Kontroversi tentang penghapusan pelaksanaan Ujian Nasional (UN) kini telah mencapai titik terang setelah Mahkamah Agung (MA) menolak kasasi gugatan UN yang diajukan pemerintah. UN dinilai cacat hukum dan pemerintah pun dilarang menyelenggarakan UN. ‘’Putusan MA adalah menolak permohonan kasasi dari pemohon kasasi, yakni Pemerintah RI, putusan MA tersebut diambil pada 14 September lalu. Mengutip data MA, perkara gugatan warga negara (citizen lawsuit) yang diajukan Kristiono melalui Tim Advokasi Korban UN (TeKUN) dan Education Forum tersebut, diputus dengan putusan perkara Nomor Register 2596 K/PDT/2008. Majelis hakimnya adalah Mansur Kartayasa, Imam Harjadi, dan Abbas Said. Kristiono adalah orang tua Indah, yang dinyatakan tidak lulus dari sekolah lantaran nilai UN tidak sesuai standar pemerintah. Keputusan MA itu menguatkan putusan PT yang juga menolak permohonan pemerintah. (Republika Online, 26/11/09).


Pertimbangannya, para tergugat, yakni Presiden, Wapres, Mendiknas, dan Ketua Badan Standar Nasional Pendidikan (BSNP), dinyatakan lalai memberikan pemenuhan Hak Asasi Manusia terhadap warga negara. Pemerintah juga dinilai lalai meningkatkan kualitas guru, sarana dan prasarana sekolah, akses informasi yang lengkap di seluruh daerah sebelum menggelar UN. Pemerintah diminta mengambil langkah-langkah konkret untuk mengatasi gangguan psikologis dan mental peserta didik usia anak akibat UN. MA juga menilai UN melanggar Pasal 61 UU Sisdiknas, menyatakan bahwa yang berhak menentukan kelulusan adalah pihak sekolah dan bukan negara.


Akan tetapi, kini muncul keraguan apakah UN benar-benar akan dihapus sesuai amanat MA? Sebab, pemerintah mengajukan permohonan Peninjauan Kembali (PK) untuk mempertahankan pelaksanaan UN. Bahkan, meskipun telah ada putusan kasasi, pelaksanaan UN masih tetap akan dilaksanakan oleh BSNP tahun 2010. Mereka pun berdalih anggaran pelaksanaan UN telah masuk APBN 2010. Lalu, apakah pemerintah tidak mengindahkan amar putusan MA yang memerintahkan penghapusan UN? Inilah ironi sebagai negara yang menjunjung tinggi hukum dan pemerintah dalam hal ini Presiden, Wapres, Mendiknas, serta BSNP seakan bersikap superior dengan tidak melaksanakan putusan kasasi MA tersebut.
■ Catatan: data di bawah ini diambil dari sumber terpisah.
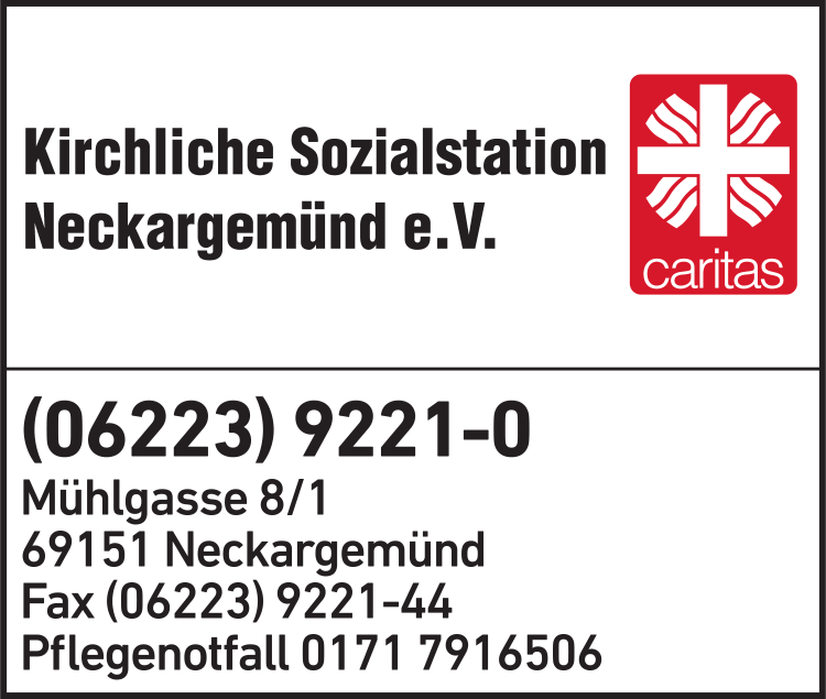 Kirchliche Sozialstation Neckargemünd e.V. 06223 92 21-0 Neckargemünd Mühlgasse 8/1 69151
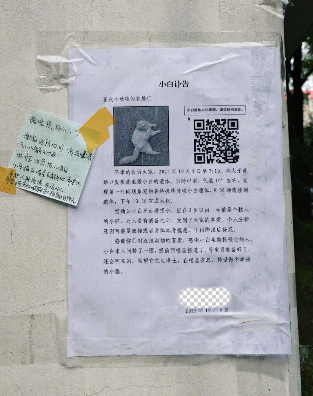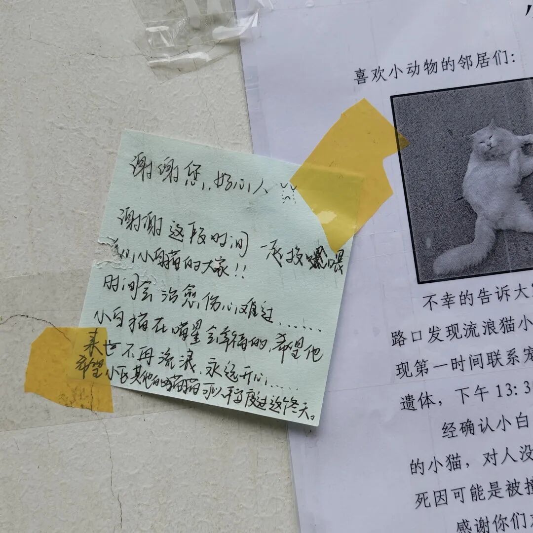 我还在小白常待的地方贴了讣告,告诉所有投喂过小白、喜欢小白的邻居,我们的小白,永远离开了。讣告的边角贴了邻居的留言,一笔一划,都是藏不住的惋惜:>“谢谢您,好心人,谢谢这段时间,一起投喂小白猫的大家!!时间会治愈伤心难过......小白猫在喵星会幸福的,希望它来时不再流浪,永远开心,希望小区其他的猫猫可以平安度过这个冬天”。

Banyak yang pihak yang mendukung penghapusan UN. Bahkan, Prof Dr Arief Rahman Hakim, selaku pengamat pendidikan, mengaku senang dengan penghapusan UN. “Sejak dulu saya tidak setuju dengan adanya UN, kata sesepuh pendidikan tersebut. Beliau juga menilai rumusan UN ada yang salah. Apalagi, katanya, UU Sisdiknas tidak menyinggung soal UN.


Hapuskan UN


Pemerintah memang memiliki tujuan baik. Akan tetapi, dalam pelaksanaannya pemerintah memilih timing yang tidak tepat. Standar nilai yang ditetapkan pemerintah adalah upaya untuk mendongkrak prestasi pendidikan kita, dan tentu saja menunjukkan prestise bangsa kita dimata dunia, sehingga dilaksanakan sebuah ujian bernama UN. Tapi, dalam UN itu sendiri, pemerintah tidak menggali unsur kemanusiaan lebih dalam lagi. Sistem UN hanyalah sistem robot, menilai 3 tahun belajar dari 3 hari. Mempekerjakan mesin untuk menilai keringat para siswa yang telah menghabiskan tiga tahun berharga hidupnya untuk datang mencari ilmu ke sebuah sekolah. UN pun menilai manusia dari segi semu, bukan moral. Bahkan, dengan adanya UN banyak para siswa yang mengalami gangguan psikis yang sangat berat seperti stres, percobaan bunuh diri, hilangnya kepercayaan diri dan gangguan mental lainnya.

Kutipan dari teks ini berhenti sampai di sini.